Following the Fed announcement, the Labor Department’s closely watched monthly employment report is likely to move into the spotlight later in the week.

After moving sharply lower over the two previous sessions, the major U.S. stock indexes turned in a mixed performance during trading on Friday.

While the Dow and the S&P 500 extended the recent downward move, the tech-heavy Nasdaq managed to regain some ground.

The Nasdaq pulled back well off its best levels of the day but still closed up 47.41 points or 0.4 percent at 12,643.01, bouncing off its lowest closing level in five months.

Meanwhile, the Dow tumbled 366.71 points or 1.1 percent to 32,417.59 and the S&P 500 fell 19.86 points or 0.5 percent to 4,117.37.

Despite the mixed performance on the day, the major averages all moved sharply lower for the week.

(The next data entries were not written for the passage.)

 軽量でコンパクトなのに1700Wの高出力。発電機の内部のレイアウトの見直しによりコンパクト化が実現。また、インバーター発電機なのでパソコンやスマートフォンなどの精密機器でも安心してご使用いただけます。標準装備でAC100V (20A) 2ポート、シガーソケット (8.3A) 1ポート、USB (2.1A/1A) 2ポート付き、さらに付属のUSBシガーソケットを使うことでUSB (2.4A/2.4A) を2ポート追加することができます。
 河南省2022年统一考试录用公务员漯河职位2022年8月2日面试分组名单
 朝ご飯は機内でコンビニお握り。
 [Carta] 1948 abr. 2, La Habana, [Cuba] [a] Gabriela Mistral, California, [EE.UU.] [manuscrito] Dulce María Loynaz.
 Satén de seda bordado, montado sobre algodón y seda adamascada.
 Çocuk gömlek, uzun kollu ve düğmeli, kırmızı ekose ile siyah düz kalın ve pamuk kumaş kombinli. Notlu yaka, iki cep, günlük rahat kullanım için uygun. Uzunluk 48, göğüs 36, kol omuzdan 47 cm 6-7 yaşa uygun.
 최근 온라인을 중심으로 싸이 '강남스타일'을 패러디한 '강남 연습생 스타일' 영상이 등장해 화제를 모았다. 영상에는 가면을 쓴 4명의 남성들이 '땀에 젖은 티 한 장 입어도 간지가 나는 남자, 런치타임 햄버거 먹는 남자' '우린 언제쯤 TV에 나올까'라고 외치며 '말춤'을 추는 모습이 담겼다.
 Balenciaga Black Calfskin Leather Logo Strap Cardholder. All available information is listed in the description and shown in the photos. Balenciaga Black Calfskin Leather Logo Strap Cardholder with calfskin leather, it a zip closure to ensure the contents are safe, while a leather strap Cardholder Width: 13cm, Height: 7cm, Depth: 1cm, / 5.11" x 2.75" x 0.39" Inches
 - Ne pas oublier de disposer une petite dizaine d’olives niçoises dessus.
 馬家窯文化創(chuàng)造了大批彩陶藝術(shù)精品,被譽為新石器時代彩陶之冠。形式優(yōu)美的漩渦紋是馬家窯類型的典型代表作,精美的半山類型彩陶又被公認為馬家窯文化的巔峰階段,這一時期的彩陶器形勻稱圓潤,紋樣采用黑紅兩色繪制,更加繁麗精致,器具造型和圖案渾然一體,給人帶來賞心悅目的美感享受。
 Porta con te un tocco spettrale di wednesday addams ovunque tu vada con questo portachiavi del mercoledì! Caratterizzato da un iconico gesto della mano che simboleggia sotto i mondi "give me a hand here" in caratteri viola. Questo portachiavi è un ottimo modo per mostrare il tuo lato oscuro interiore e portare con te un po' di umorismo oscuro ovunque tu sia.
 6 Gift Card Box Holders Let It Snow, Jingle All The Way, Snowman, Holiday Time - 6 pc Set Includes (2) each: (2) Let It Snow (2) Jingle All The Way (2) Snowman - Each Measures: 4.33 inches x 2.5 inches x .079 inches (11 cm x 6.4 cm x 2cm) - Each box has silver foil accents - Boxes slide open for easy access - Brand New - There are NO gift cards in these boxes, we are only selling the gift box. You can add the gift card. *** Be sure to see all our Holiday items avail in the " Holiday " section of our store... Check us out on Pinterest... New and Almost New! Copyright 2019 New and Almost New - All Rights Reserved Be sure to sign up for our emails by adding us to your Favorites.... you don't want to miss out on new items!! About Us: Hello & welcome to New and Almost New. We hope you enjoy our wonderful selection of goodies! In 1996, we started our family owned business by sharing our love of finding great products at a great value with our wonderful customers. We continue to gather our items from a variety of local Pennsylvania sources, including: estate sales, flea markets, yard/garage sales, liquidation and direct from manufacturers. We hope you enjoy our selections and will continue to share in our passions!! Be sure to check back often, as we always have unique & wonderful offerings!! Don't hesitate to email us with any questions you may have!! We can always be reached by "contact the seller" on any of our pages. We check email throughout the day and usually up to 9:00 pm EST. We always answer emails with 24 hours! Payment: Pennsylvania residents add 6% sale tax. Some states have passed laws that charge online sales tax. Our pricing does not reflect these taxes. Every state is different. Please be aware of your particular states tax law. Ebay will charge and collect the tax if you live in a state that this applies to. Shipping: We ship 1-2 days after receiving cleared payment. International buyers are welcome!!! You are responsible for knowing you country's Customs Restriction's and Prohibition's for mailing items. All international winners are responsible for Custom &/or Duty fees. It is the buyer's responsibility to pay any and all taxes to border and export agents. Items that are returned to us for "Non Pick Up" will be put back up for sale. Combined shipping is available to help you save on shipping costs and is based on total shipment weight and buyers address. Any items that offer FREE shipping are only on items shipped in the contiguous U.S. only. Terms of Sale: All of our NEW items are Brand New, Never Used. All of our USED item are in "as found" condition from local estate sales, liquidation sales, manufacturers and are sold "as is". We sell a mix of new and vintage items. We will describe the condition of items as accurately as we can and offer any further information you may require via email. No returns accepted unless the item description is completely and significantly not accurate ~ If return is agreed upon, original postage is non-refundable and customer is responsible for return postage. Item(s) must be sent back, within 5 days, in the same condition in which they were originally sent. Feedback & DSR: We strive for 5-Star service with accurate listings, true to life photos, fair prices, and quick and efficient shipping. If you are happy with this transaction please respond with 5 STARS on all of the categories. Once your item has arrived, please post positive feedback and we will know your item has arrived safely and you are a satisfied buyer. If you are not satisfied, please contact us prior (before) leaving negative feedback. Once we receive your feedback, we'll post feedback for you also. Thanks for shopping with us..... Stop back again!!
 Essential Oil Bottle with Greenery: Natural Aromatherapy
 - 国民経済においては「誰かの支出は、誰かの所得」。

The Dow tumbled by 2.1 percent, while the S&P 500 and the Nasdaq plunged by 2.5 percent and 2.6 percent, respectively.

The rebound by the Nasdaq partly reflected a positive reaction to earnings news from Amazon (AMZN), with the online retail giant spiking by 6.8 percent after reporting better than expected third quarter results.

Semiconductor giant Intel (INTC) also soared by 9.3 percent after reporting third quarter results that exceeded analyst estimates and providing upbeat guidance.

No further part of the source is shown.